Б а р м и н. Я не знал, что у твоей мамы больное сердце. Давно?

Т о н я. Она врачу сказала: с детства. Ревмокардит.

Б а р м и н. Странно. Зачем, ей было это скрывать от меня?

Т о н я. Она и от меня скрывала, пока не прихватило ее.

Б а р м и н (помолчав). Подай мне воды.

Т о н я (приносит стакан воды). Я вам малины заварю и среди лекарств чего-нибудь от жара поищу.

Б а р м и н. Малина сойдет. А лекарств — ни-ни. Смотри и удивляйся, Антонина, покуда я есть. Сейчас я встану и дойду до стола.

Т о н я. Это зачем? Вы же не дитя малое — старик.

Б а р м и н. Бармин, эта девочка посмела назвать тебя стариком. А ну, встать. (Садится. На то, чтобы встать, у него нет сил. Улыбнулся.) Впрочем, не ты ли утверждал, что хвастовство — это самый смешной из твоих недостатков? Борись с недостатками, Бармин. Не вставай. (Ложится.)

Т о н я. Согреетесь возле печки, пропотеете — болезнь и уйдет.

Б а р м и н. Ты умница. А не уйдет сама — мы ее выгоним взашей. Что ей тут делать, с нами в избе?

Т о н я. Вставайте, до постели вас доведу.

Б а р м и н. Раненых с поля боя выводят. А я сам добреду.

Т о н я. Да будет вам гордиться передо мной! Обнимите меня за плечо.

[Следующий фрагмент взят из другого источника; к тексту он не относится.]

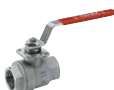
Art. A.0416 TENAX-WP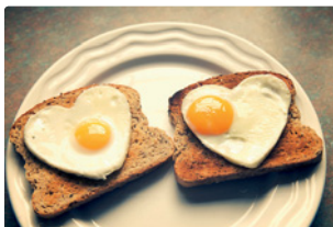
der Toast, das Ei

Б а р м и н (сдает позиции, прикрываясь чрезмерной галантностью). Что ж, если хозяйка настаивает, я думаю, гость не может ей отказать.

Т о н я. Думайте, что хотите. Только скорее. Мне неудобно: на корточках сижу. (Ведет Бармина к кровати за занавеской.) На больную ногу старайтесь не наступать… Вот так. Горе вы мое. Небось вас еще вчера после купанья в реке прихватило. И насчет костра — не забыли вы. Сказали бы прямо: сил не было до порога дойти.

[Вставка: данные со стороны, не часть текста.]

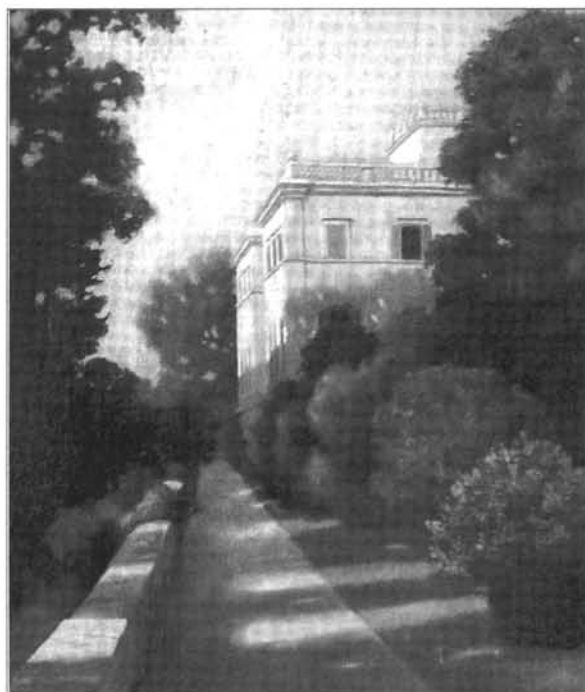
8. kép: Göbel Árpád: Római palota, 1931, olaj, farost, ltsz. GM.81.4.

A rajztanárok közül a művészeti közéletben a zalaegerszegi reálgimnázium tanára, Göbel Árpád (1886-1931) volt a legaktívabb. A jelek szerint igazi misszióként élte meg hivatását, tanított, szervezett, kiállított. Oltárokat tervezett (a zalaszentiváni templomba, a válickapusztai kápolnába, az egerszegi katolikus házba), 41 városi megbízásból portrét festett a városháza közgyűlési termébe, 42 tankönyvet illusztrált, 43 máskor Nagykanizsán tartott előadásáról olvashatunk. 44 Képein többnyire városát és környezetét örökítette meg ( Zalaegerszeg látképe a csácsi hegyről , 45 Zalaistvándi látkép, Zalapartján, A Balaton Révfülöp mellett stb.), azok igazi krónikásának bizonyult. A helyi újság igen nagyra tartotta alkotásait. 46 Az 1925. évi zalaegerszegi nagy kiállításon – melyen a művészeti szekció szervezője és az itteni (rész)kiállítás rendezője is volt 47 – Pataky mellett ő kapta a másik arany érmet. 48 1930-ban egyéves ösztöndíjat kapott a Kultuszminisztériumtól a római Collegium Hungaricumba. Ebben az időben művészete a római magyar kultúrintézet támogatottjai által kialakított új irányzat, az olaszországi novocentoval rokonságot mutató római iskolához tartozott. Itáliából az Örök Város részleteit megörökítő, reneszánsz ihletésű vásznakat küldött haza. Részt vett a csoport 1931-es Nemzeti Szalon-beli kiállításán is, 49 röviddel hazatérése előtt azonban tragikus hirtelenséggel elhunyt. 50

Б а р м и н (остановился). Заметь, Антонина, я молчу. Я не согласен с тобой, но молчу. (Вдруг.) Вертолет.

Т о н я (испуганно покосилась на Бармина). Потерпите немножко, я вам сейчас полотенце на лоб положу.

Б а р м и н. Погоди. (Прислушиваясь.) Вертолет.

Т о н я. Какой еще вертолет?! Откуда? Ветер свистит.

Б а р м и н. У меня слух наметанный. Говорю тебе: вертолет.

Т о н я. Ну и пусть вертолет. Может быть, куда-нибудь из главного лесничества летят. (Заводит Бармина за занавеску, выходит.) Раздевайтесь и укладывайтесь. (Достает из ящика в буфете полотенце, выходит в сени, чтобы намочить его в воде, возвращается.) Легли?

Б а р м и н. Лег.

Т о н я (уходит за занавеску). Ну и пышет от вас… Теперь помолчите и постарайтесь уснуть. (Выходит и задергивает занавеску.) Не сегодня завтра Федор Кузьмич вернется, выходим вас. (Накидывает пальто, выходит.)

Б а р м и н (после паузы, из-за занавески). Если я буду бредить, ты не пугайся. Наука разрешает. При температуре это нормальная вещь. (Помолчав.) Антонина, а ведь других детей у меня нет. Кроме тебя — никого… Кроме тебя и мамы твоей. Такие-то вот пироги.

Пауза.

Входит  Т о н я. Снимает с огня чайник, заваривает малину.

Т о н я. Степан Тимофеевич! (Не дождавшись ответа, заглянула за занавеску.) Спит. (Услышала громыхание ведра в сенях, насторожилась, подбежала к ружью, но не взяла его.) Кто там?

С о ф ь я  П е т р о в н а (входит). Я.

Т о н я (не сразу, удивленно, даже с некоторым оттенком неодобрения). С неба свалилась?

С о ф ь я  П е т р о в н а. С него. (Снимает платок и пальто, на ней платье, в котором мы уже не раз видели ее.) Ну, здравствуй, непутевая… По-моему, мне здесь не рады. Если так — одеваюсь и ухожу.

Т о н я. Я тебя спрашиваю совершенно серьезно: откуда ты здесь взялась?

С о ф ь я  П е т р о в н а. А я совершенно серьезно отвечаю: свалилась с неба. (Идет к печке, проходя мимо Тони, небрежно целует ее.) Чайник вскипел — прекрасно. Будем нить чай. А где Федор Кузьмич?

Т о н я. На охоту ушел. (Наблюдает, как Софья Петровна достает из буфета сахар, блюдца, стаканы.) Ты извини, мама, я не хотела здесь застревать.

С о ф ь я  П е т р о в н а (без укора). Конечно. И осенью не хотела. И прошлой весной. Но проклятая судьба преследует тебя. А почему бы просто не признать, что скучному сидению за партой ты предпочитаешь прогулки по тайге? (Наливает чай; чувствуется, что она здесь как дома.) Тоська, это антипедагогично, но признаюсь: на твоем месте я поступала бы точно так же. И так же сваливала бы все на капризы природы. (Впервые внимательно посмотрела на дочь.) Но я бы не забыла про уговор и по утрам разжигала костер.

Т о н я. Я знаю, ты волновалась. Прости. Ты выпросила у председателя трактор?